# YOUR ASSIGNMENT
Word for word, give the data again without its pictures.

======== EXERCISE DATA ========

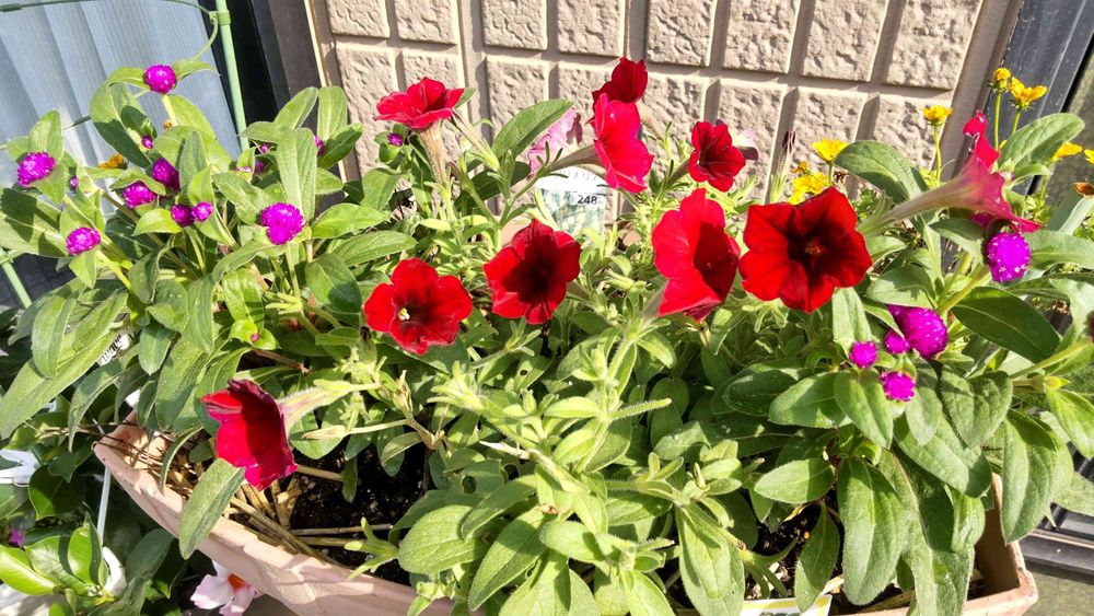 寄せ植付けもあるもので千日紅は昨年度の種子から~です。😃
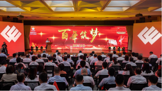 图为国电电力党委采取“现场+云直播”方式开展“百年筑梦”情景式党课
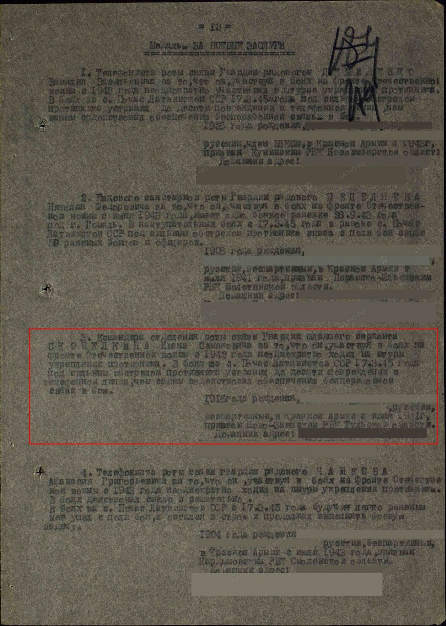 | Награждён: Медаль «За победу над Германией» | 16.11.1945 | 90 гв. сп 29 гв. сд | гв. мл. сержант, ком. отделения |

========

# SOLUTION BELOW
 寄せ植付けもあるもので千日紅は昨年度の種子から~です。😃
 图为国电电力党委采取“现场+云直播”方式开展“百年筑梦”情景式党课
 | Награждён: Медаль «За победу над Германией» | 16.11.1945 | 90 гв. сп 29 гв. сд | гв. мл. сержант, ком. отделения |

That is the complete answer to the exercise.